**TASK INSTRUCTIONS:** Beginning with the first line below, retype exactly each line through the one containing "Сабақ барысында оқушыларға". Leave out all pictures.

**DATASET RECORDS:**
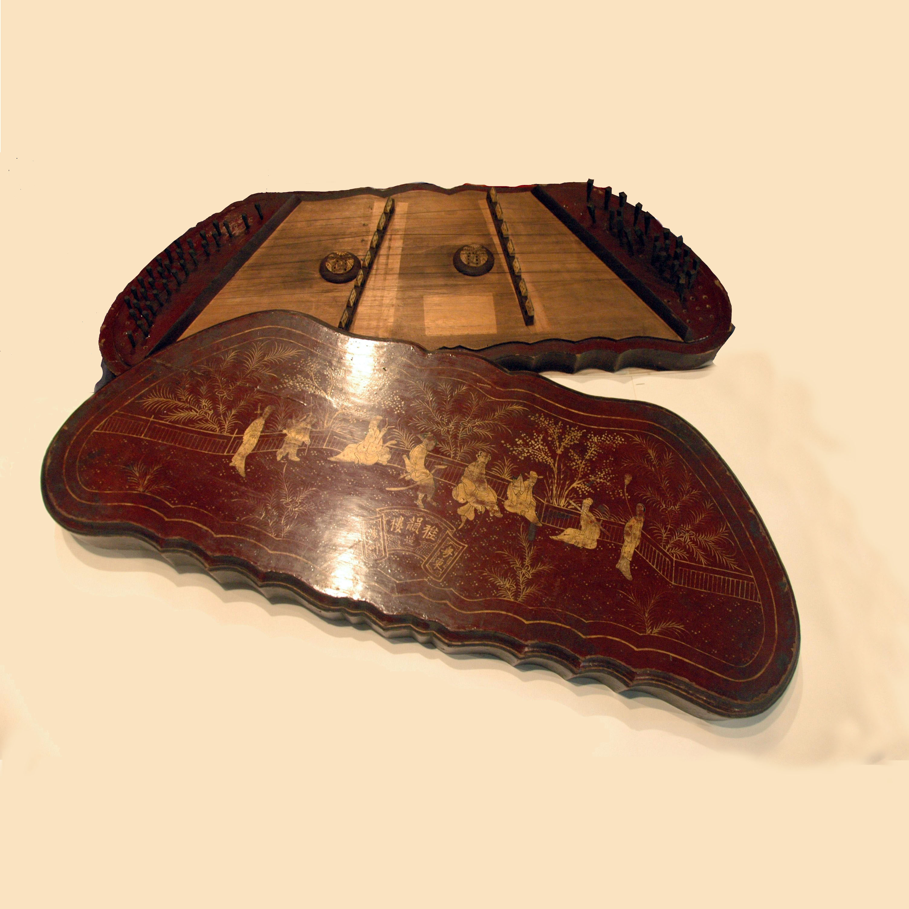 A delicate embroidery of flowers with gold threads on a fine piece of silk. An example of the school of Guangdong embroidery where different thread material is being used, gold, silver, horse hair and even threads made from peacock’s feather.
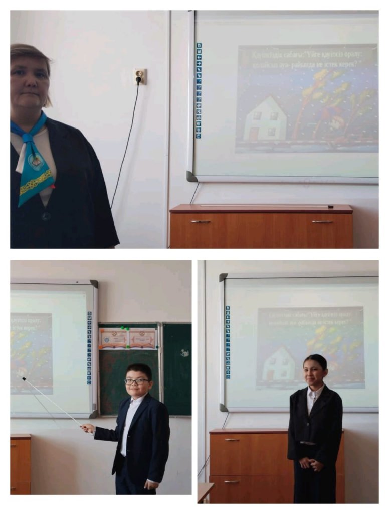 Сабақ барысында оқушыларға қарлы боран, көктайғақ, қатты жел және аяз кезінде өзін-өзі ұстау ережелері түсіндірілді. Жолда абай...
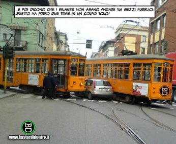 ...e poi dicono che i milanesi non amano andare sui mezzi pubblici; questo ha preso due tram in un colpo solo!
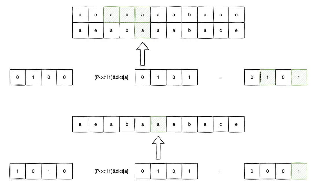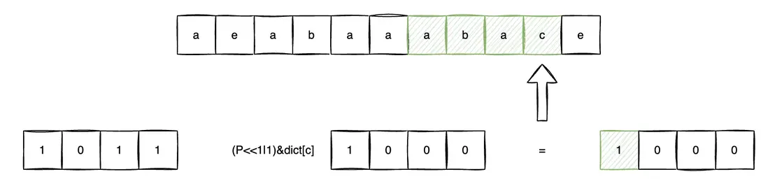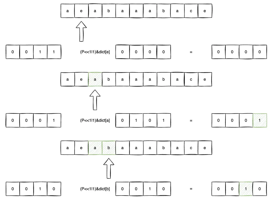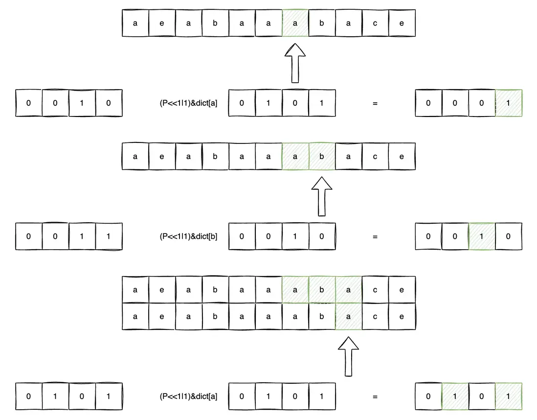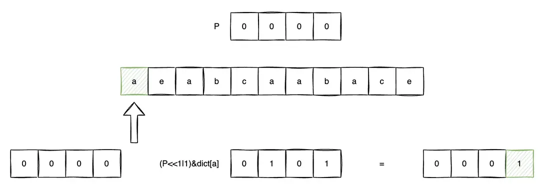進行完一次匹配後,P左移一位,將第0位置1,同時和對應字符的編碼進行&操作(即嘗試匹配該字符),更新狀態碼P。
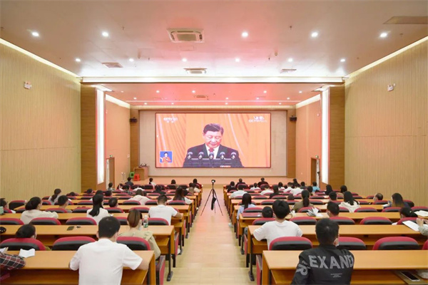 學(xué)校線下集中觀看的主要會場分別在圖文信息大樓報告廳、圖書館學(xué)術(shù)報告廳以及各個二級學(xué)院會議室。學(xué)校黨委副書記黃秋霞,紀(jì)委書記、副校長彭高彬,副校長羅艷妮、黃德偉,校長助理蔣茂麗等校領(lǐng)導(dǎo)與師生代表一起觀看了大會直播。未能到場的師生也紛紛通過廣播、電視、網(wǎng)絡(luò)等收聽收看會議盛況。
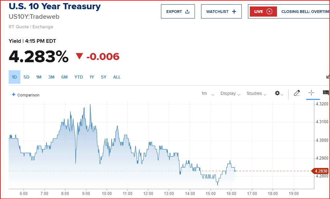 아침에 소폭 상승세를 보이던 뉴욕 채권시장의 금리는 데이터가 나온 뒤 약보합세를 보였습니다. 오후 4시 15분께 미 국채 10년물 수익률은 0.6bp 내린 4.283%, 2년물은 0.5bp 하락한 4.726%에 거래됐습니다.
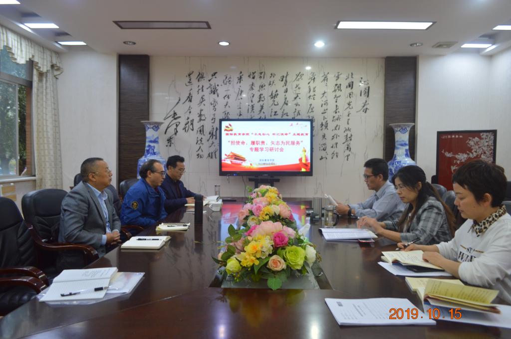 10月16日上午,1946伟德国际源自英国(国际交流中心)在院会议室E105开展开展“不忘初心、牢记使命”主题教育——“担使命、履职责,矢志为民服务”第一次专题学习研讨。会议由党总支书记苏哲民主持,全体教工党员参加,学校督导七组副组长胡爱卿到会指导。
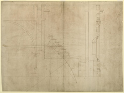 - [nb-NO]Description[nb-NO]A copy by Hawksmoor of Pearce’s section, WRE/3/1/10, but with small adjustments. Datable 1685-86. Drawn scale, 3 ft to 1 inch (10 ft = 86 mm). A neat re-rendering of Pearce’s drawing, save that: (i) the capitals are Corinthian rather than Composite; (ii) capping has been added in pencil to the buttress behind the screen wall and the coping has been continued across to join the top of the clerestory wall, to indicate a return flank of the screen wall at a right-angled junction; (iii) the profile of a saucer dome has been added to the high vault; (iv) stone courses have been marked in pencil in the clerestory wall; (v) a stepped structure has been added behind the screen wall, presumably at the right-angled junction; (vi) a higher roof has been sketched in pencil for passage at the top of the clerestory wall, level with the high vaults. The vertical shading technique on the Corinthian capitals is a clear indication of Hawksmoor’s hand at an early phase in the designs for the screen walls and west end (compare WRE/3/2/3 and WRE/3/3/5). Reverse: Drawn in pencil are: (i) the elevation of a pedestal with a central projecting band and a plain plinth; and (ii) a segment of a circle intersected by a straight line, probably related to the saucer dome of the high vault.
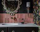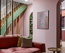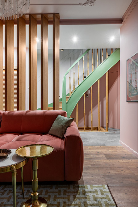 Цвета выбраны сложные, порой припыленные, необычные и смелые. Цокольный этаж — более томная гамма: темно-лазурные стены и рыжий кожаный диван в комнате отдыха, в ванной и душевой — сочетание текстуры бетона и черного мрамора. Первый этаж — нестандартный микс оттенков: стены в цвете чайной розы, сложный цвет аспарагуса на лестнице и стеллаже, гранатовая кухня, текстиль в кирпичном цвете, персиковый диван. Баланса этому сочетанию добавляет мебель из натурального дерева и светлая столешница из гранита с рисунком. На веранде нанесена белая фактурная декоративная штукатурка, а акцентов добавляет яркая мебель. На втором этаже — спальня с готическими элементами, черно-белый интерьер с ярким креслом и текстилем в цветах махагон и марсала. Стены в гостевой выполнены в кофейном оттенке, белая мебель и диван лососевого цвета. Санузел яркий: акцентные обои в цветочном принте, стены в цвете антрацит, сочетание латуни и серебра в декоре и сантехнике. На мансарде спокойные тона: белый тон стен, мебель из дерева и в серых тонах.
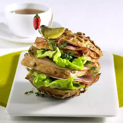 Wash and drain the lettuce leaves. Cut the buns 3 times. Alternately cover with salad and ham, sprinkle with cress. Spike the cornichon. Garnish bread roll with it and hold together.
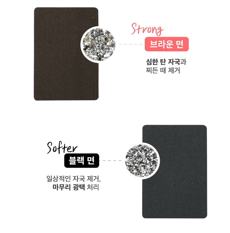 매직 탄세미는 탄 자국, 찌든 때를 간편하게 제거할 수 있고, 탄 자국, 찌든 때의 정도에 따라 양면을 골라 사용할 수 있습니다. 브라운면은 심한 탄 자국과 찌든 때를 제거하는 데에 사용하면 되고, 블랙면은 일상적인 자국제거와 마무리 광택처리에 사용하면 됩니다.
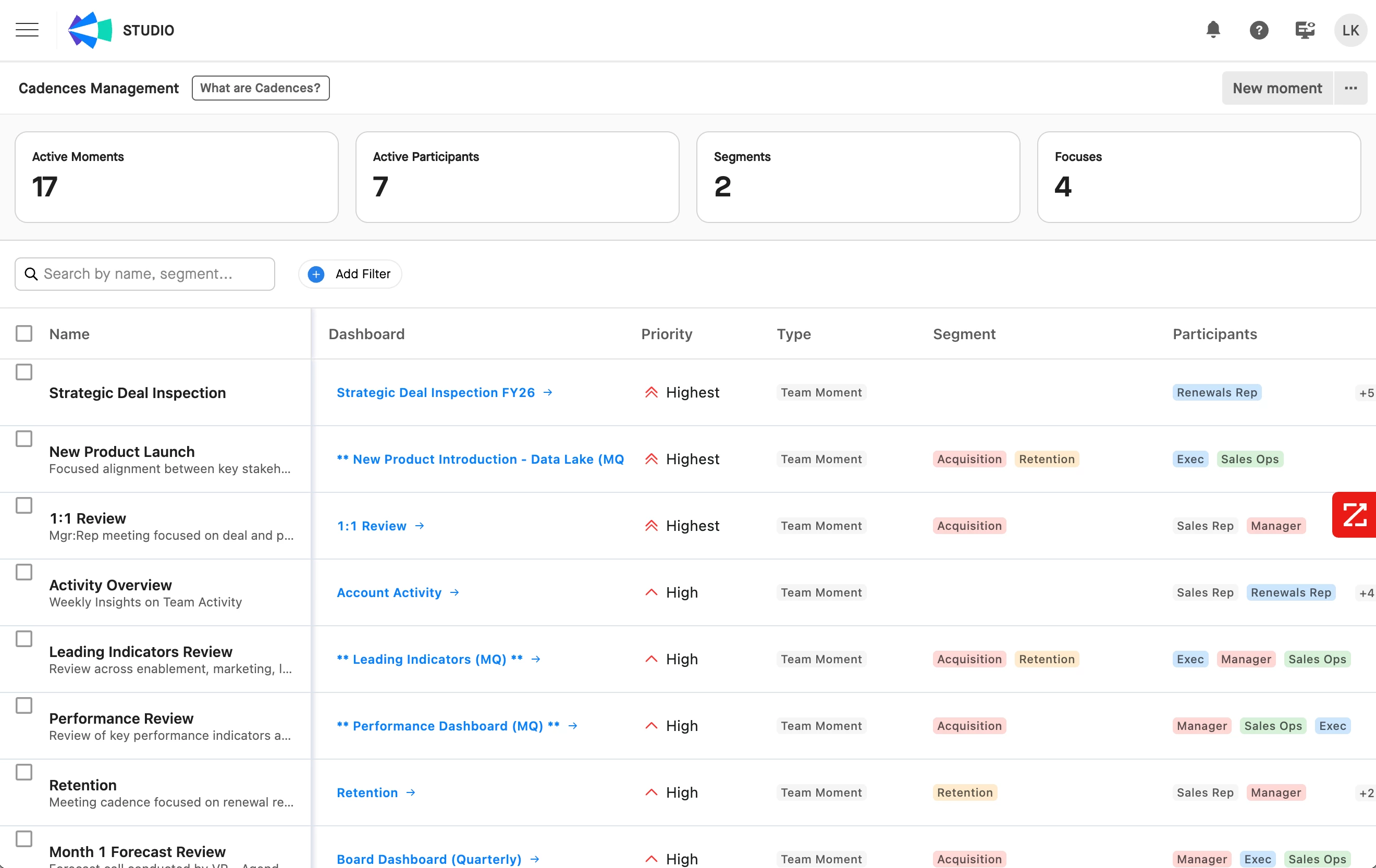 Once you’ve enabled Guide in Clari Studio Labs, you can manage your team’s Cadences from Clari Studio > Cadence Management. This is where you can build your Revenue Moments that will be assigned to Cadences.
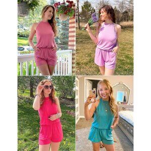 Unique Design: Casual style, sleeveless, solid color, keyhole back with button details, loose fitting romper, two side pockets.
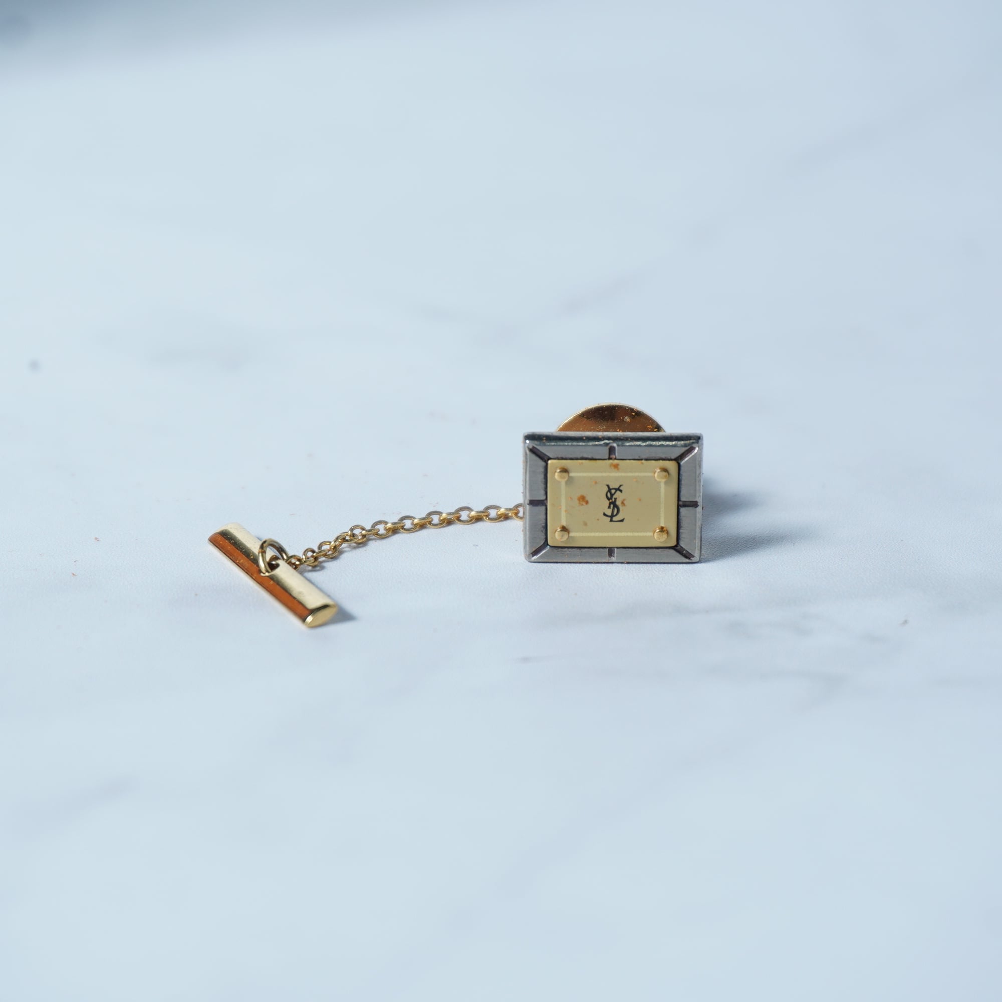 【Yves Saint Laurent】イブサンローラン "ロゴ入" 開場記念 カフスピン・ラペルピンセット 箱付き silver&gold
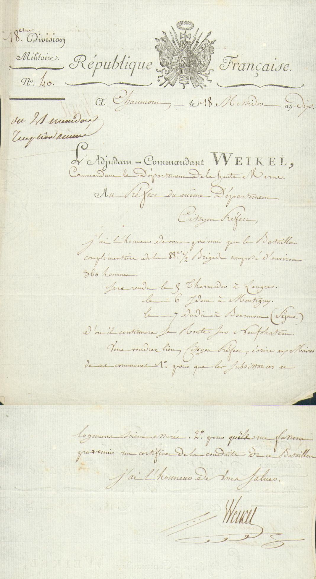 WEIKEL, Eigenhändiger Brief mit Unterschrift als Militärkommandant des Departeme
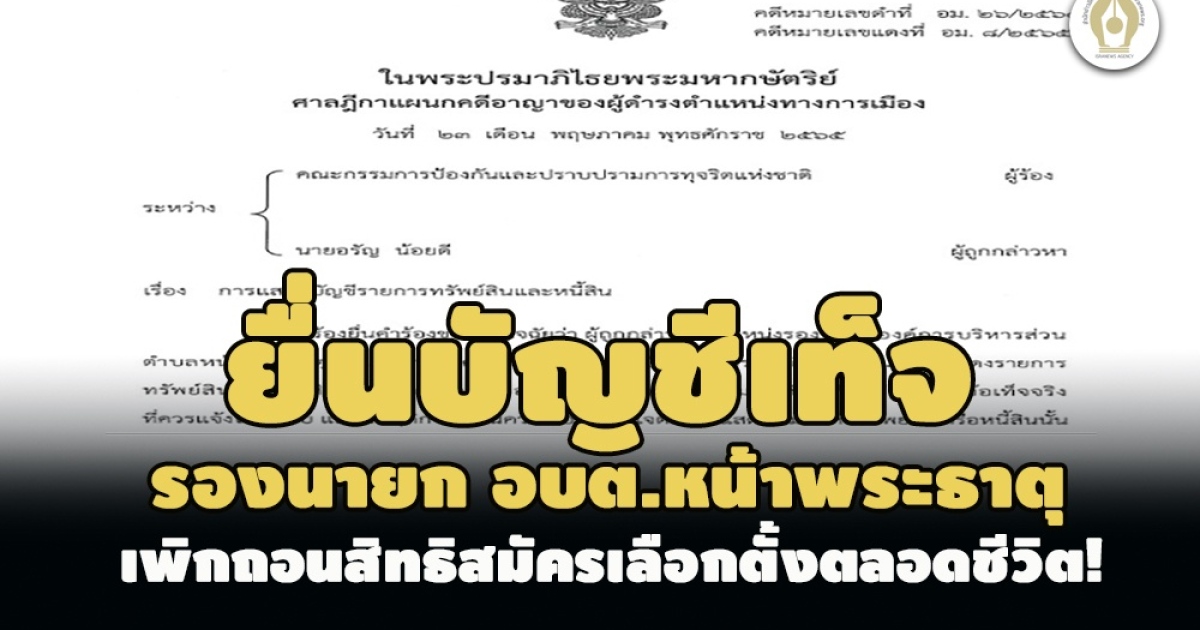 - ศาลฎีกาฯห้ามดำรงตำแหน่งการเมืองตลอดชีวิต นายก อบต.หนองปลิง ยื่นบัญชีฯเท็จ ป.ป.ช.

**RESPONSE:**
 A delicate embroidery of flowers with gold threads on a fine piece of silk. An example of the school of Guangdong embroidery where different thread material is being used, gold, silver, horse hair and even threads made from peacock’s feather.
 Сабақ барысында оқушыларға қарлы боран, көктайғақ, қатты жел және аяз кезінде өзін-өзі ұстау ережелері түсіндірілді. Жолда абай...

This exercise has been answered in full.